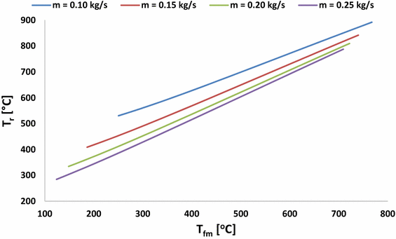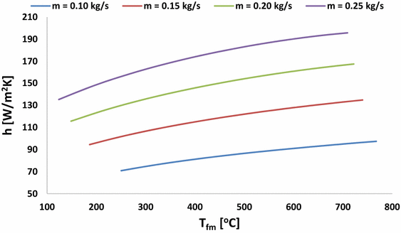 The next step after the model development is to run it. Different combinations of the mass flow rates and the inlet temperatures are tested in order to perform a detailed parametric analysis. Four values for the mass flow rate are selected: 0.10, 0.15, 0.20 and 0.25 kg/s. For every mass flow rate, 12 different inlet temperature levels are selected to be tested from 50 to 600 °C with step equal to 50 K. In every case, the outlet temperature of the carbon dioxide is the most important parameter for the thermal performance calculations. Moreover, the pressure losses along the tube are demanded for the exergetic evaluation of the system. The heat transfer coefficient is estimated using the mean fluid temperature (
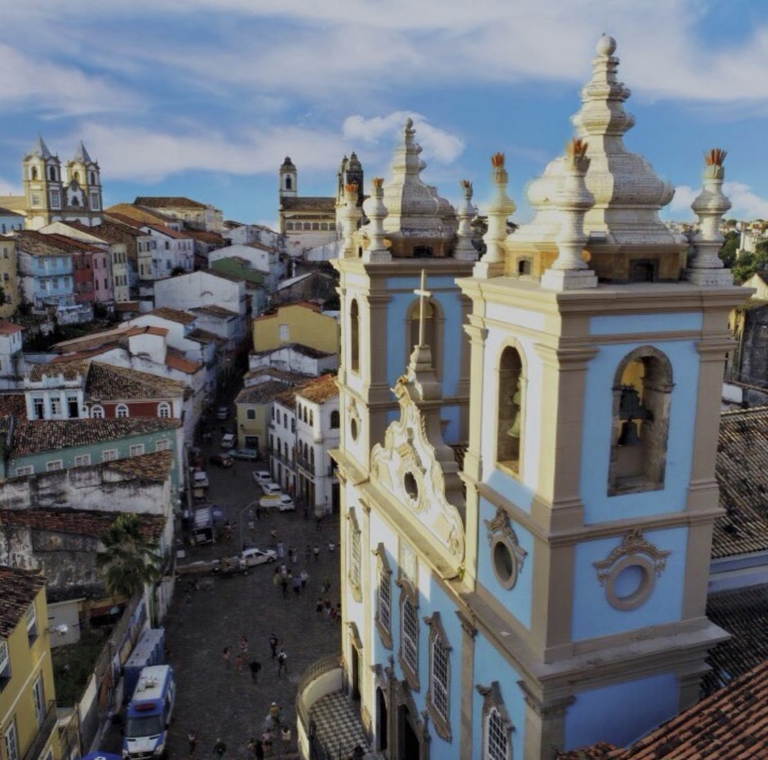 Meimoa-ponte. (3) Uma referência do Pelourinho, em Salvador, Bahia, a Igreja Nossa Senhora do Rosário dos Pretos se destaca do conjunto de casas coloridas com a chamativa cor azul da fachada de arquitetura colonial e rococó que remete ao século XVIII. A igreja construída por iniciativa dos escravos, membros de uma das primeiras irmandades.
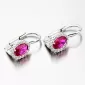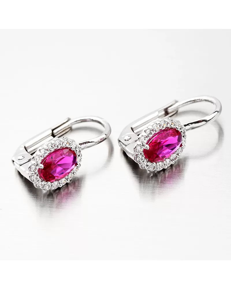 Elegantní model dámských náušnic je zdoben syntetickým rubínem v jeho typické červené barvě. Syntetický rubín je broušen do oválného tvaru a kolem něj jsou precizně vsazeny zirkony v briliantovém brusu. Zirkony dokonale zvýrazňují červený syntetický rubín a díky briliantovém brusu září jako pravé diamanty. Náušnice se zapínají na klapku.
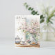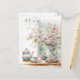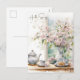 Célébrez la beauté du printemps avec cette carte postale à l'aquarelle Hello Spring, douce et picturale, représentant de délicates fleurs roses disposées dans un vieux pichet en céramique à côté d'un service à thé confortable. Réalisée dans une palette pastel aérienne de rose blush, de bleu poudre, de vert sauge, de crème et de tons neutres chauds, cette œuvre d'art capture le charme de l'esthétique cottagecore et de l'illustration de nature morte inspirée de l'Europe.
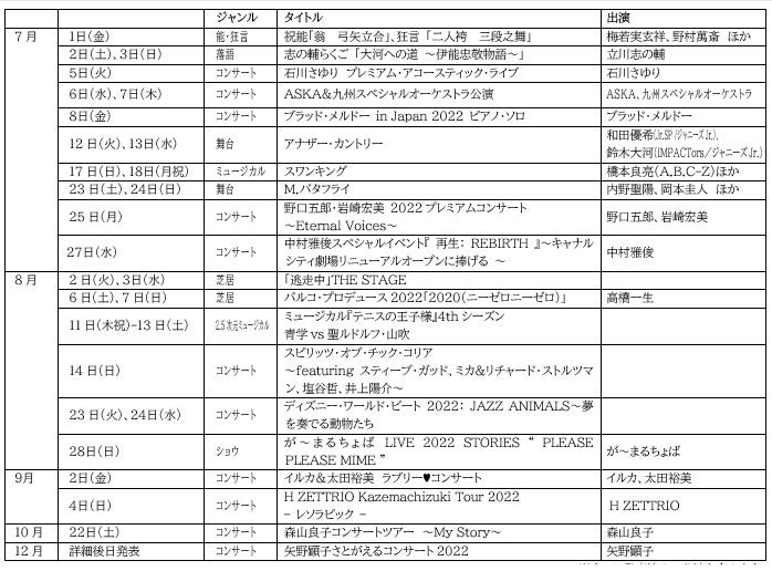 福岡 キャナルシティ劇場 2022年7月からの上演ラインナップを発表
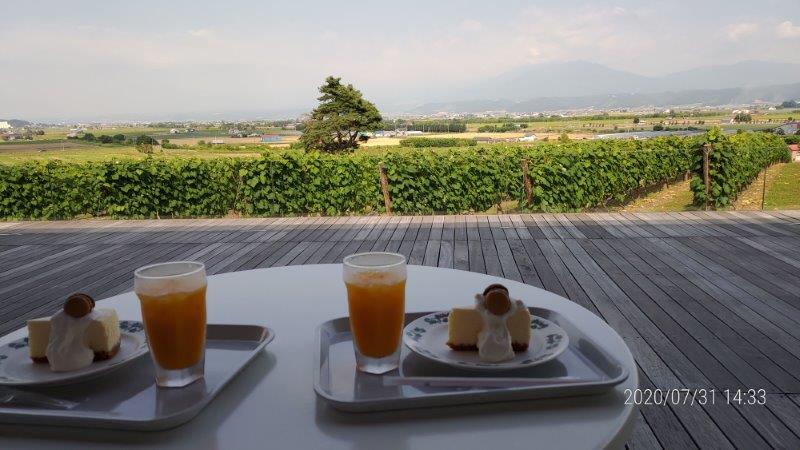 六花亭のお店だったみたいですが。何かお土産物を買う前にケーキとジュースを食べることにしました。ブドウ畑を見ながら休憩です。
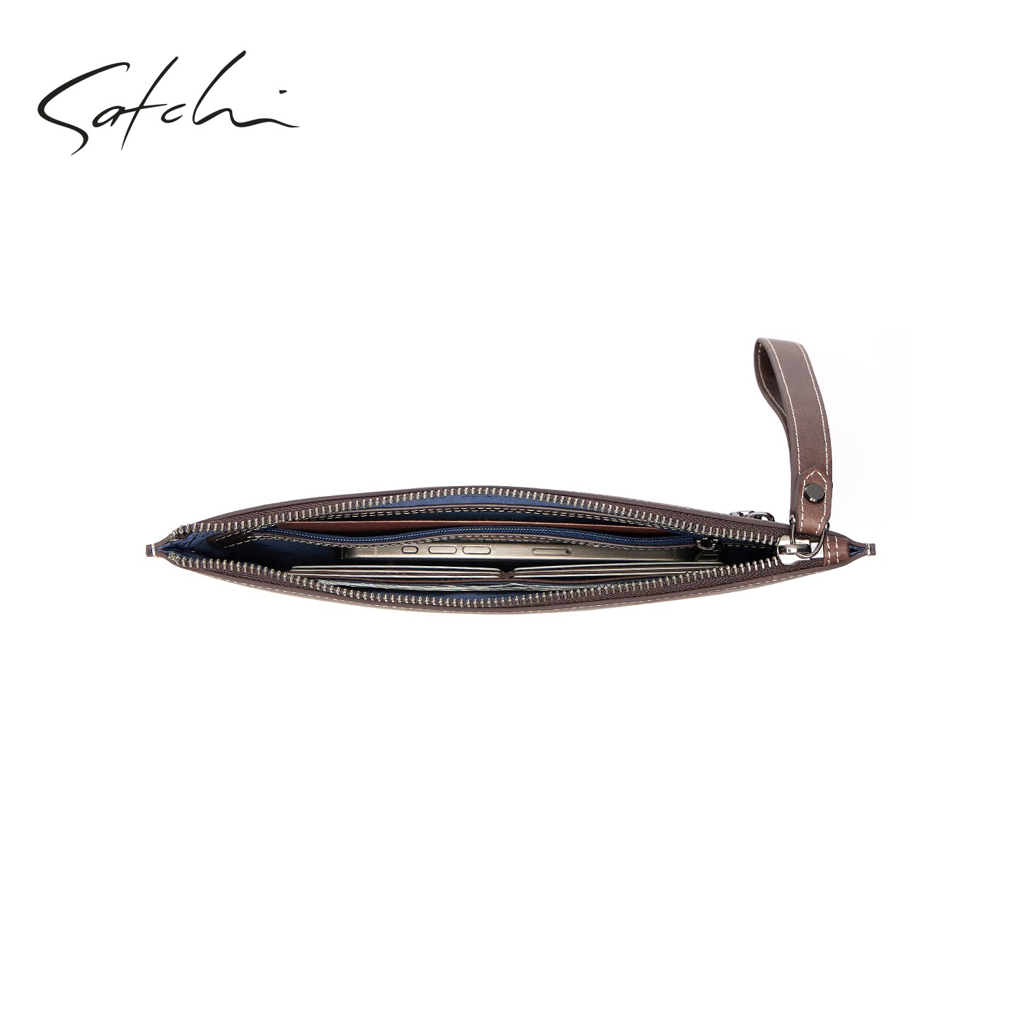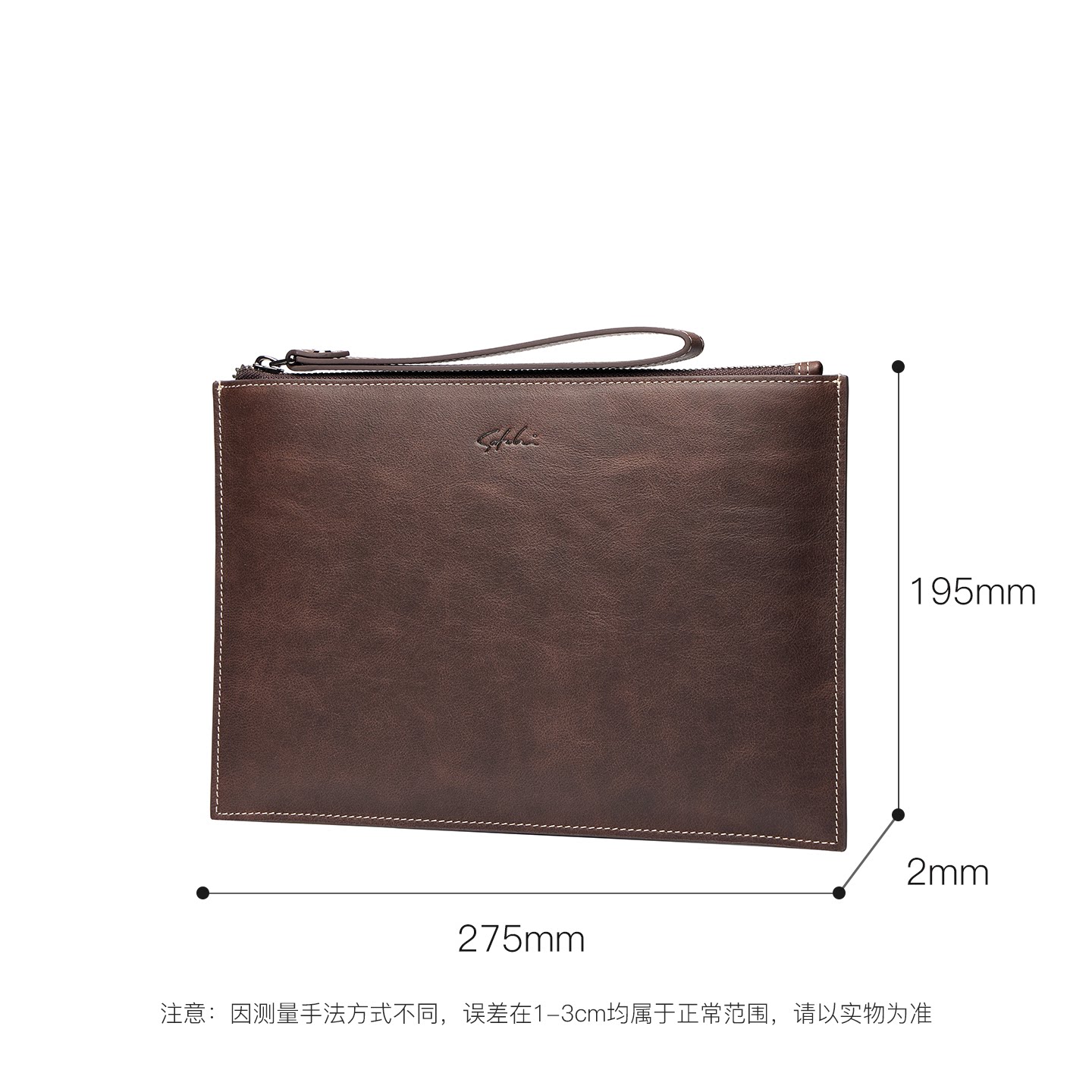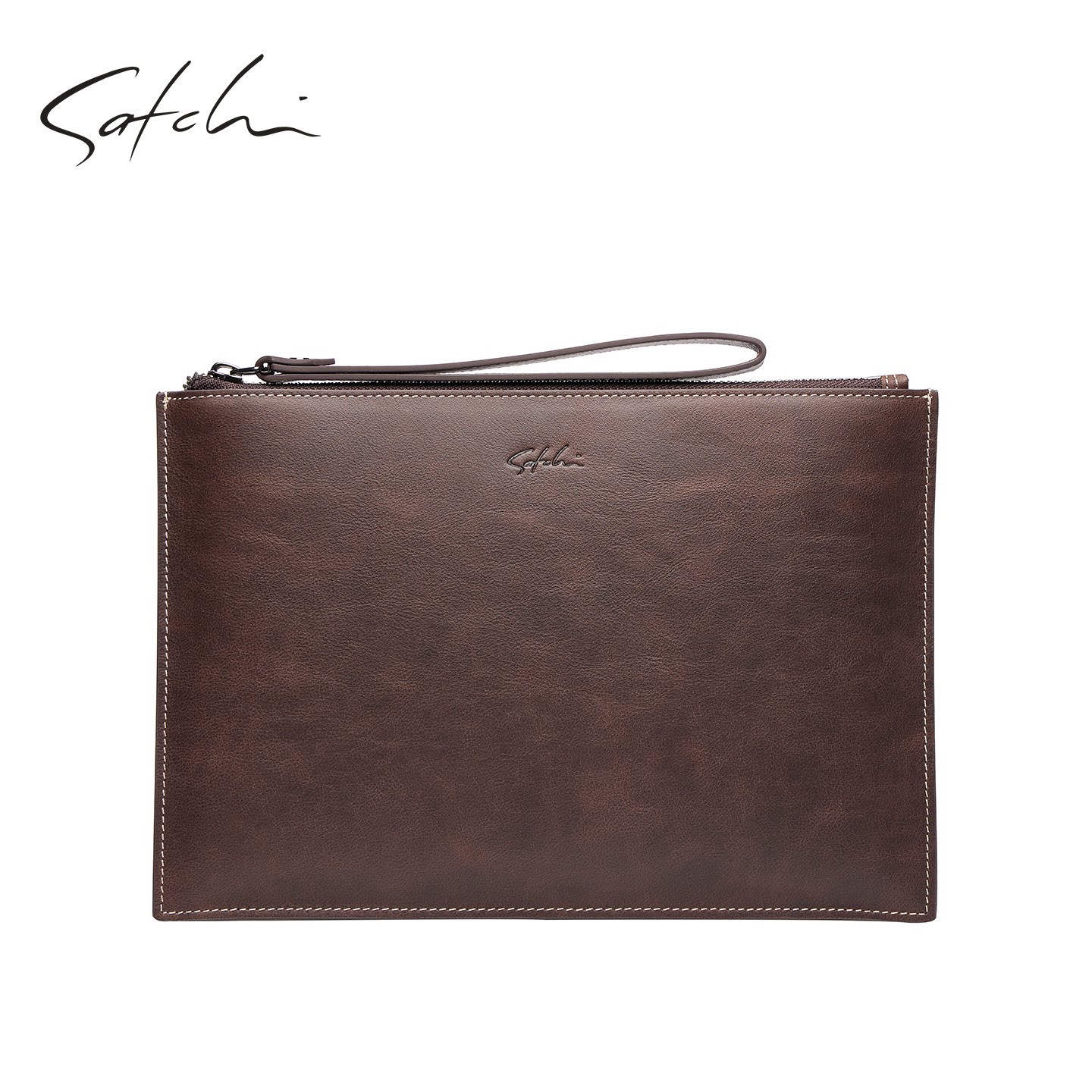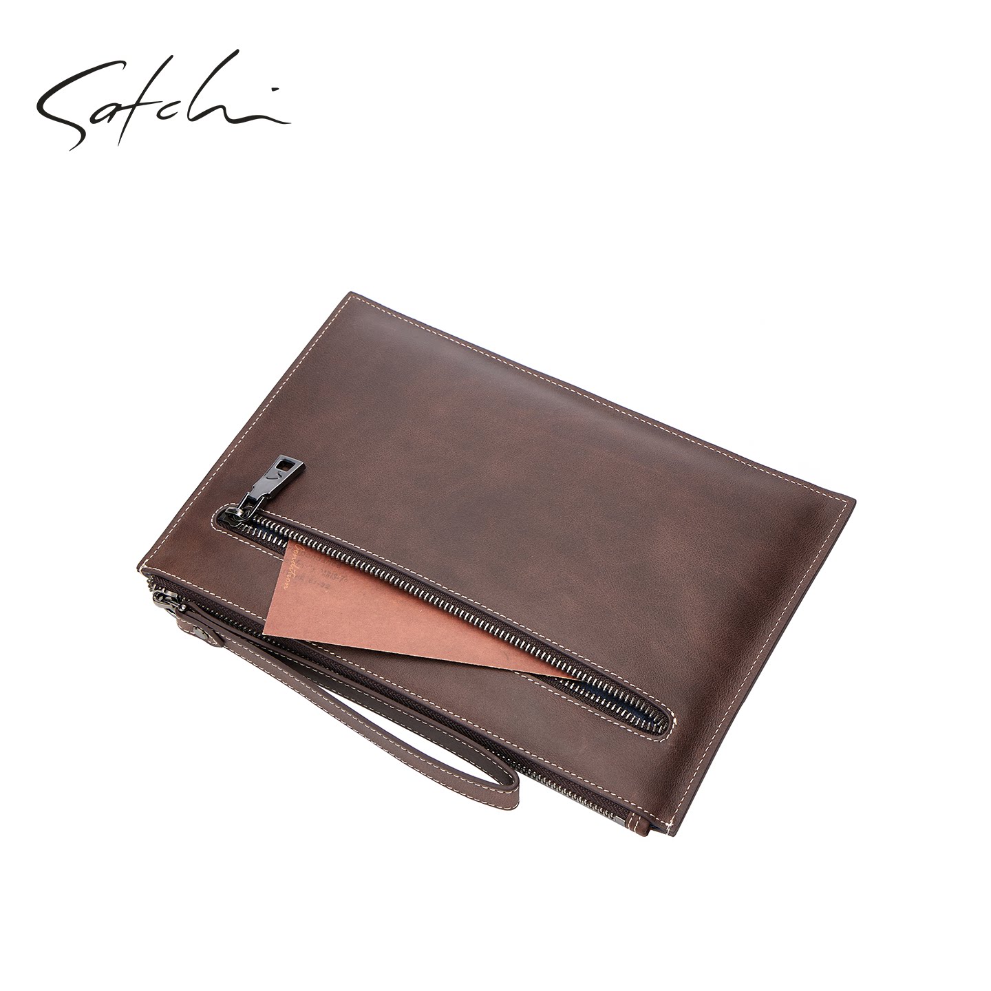 天猫SATCHI/沙驰男士真皮信封包商务复古牛皮手拿包大容量多功能男包
-=-=-
▶ **TASK REQUIREMENTS**: May I have only the lines from the start of the data through the line containing "Elegantní model dámských", both included, reproduced exactly and without the pictures?

▶ **EXERCISE SOLUTION**:
 The next step after the model development is to run it. Different combinations of the mass flow rates and the inlet temperatures are tested in order to perform a detailed parametric analysis. Four values for the mass flow rate are selected: 0.10, 0.15, 0.20 and 0.25 kg/s. For every mass flow rate, 12 different inlet temperature levels are selected to be tested from 50 to 600 °C with step equal to 50 K. In every case, the outlet temperature of the carbon dioxide is the most important parameter for the thermal performance calculations. Moreover, the pressure losses along the tube are demanded for the exergetic evaluation of the system. The heat transfer coefficient is estimated using the mean fluid temperature (
 Meimoa-ponte. (3) Uma referência do Pelourinho, em Salvador, Bahia, a Igreja Nossa Senhora do Rosário dos Pretos se destaca do conjunto de casas coloridas com a chamativa cor azul da fachada de arquitetura colonial e rococó que remete ao século XVIII. A igreja construída por iniciativa dos escravos, membros de uma das primeiras irmandades.
 Elegantní model dámských náušnic je zdoben syntetickým rubínem v jeho typické červené barvě. Syntetický rubín je broušen do oválného tvaru a kolem něj jsou precizně vsazeny zirkony v briliantovém brusu. Zirkony dokonale zvýrazňují červený syntetický rubín a díky briliantovém brusu září jako pravé diamanty. Náušnice se zapínají na klapku.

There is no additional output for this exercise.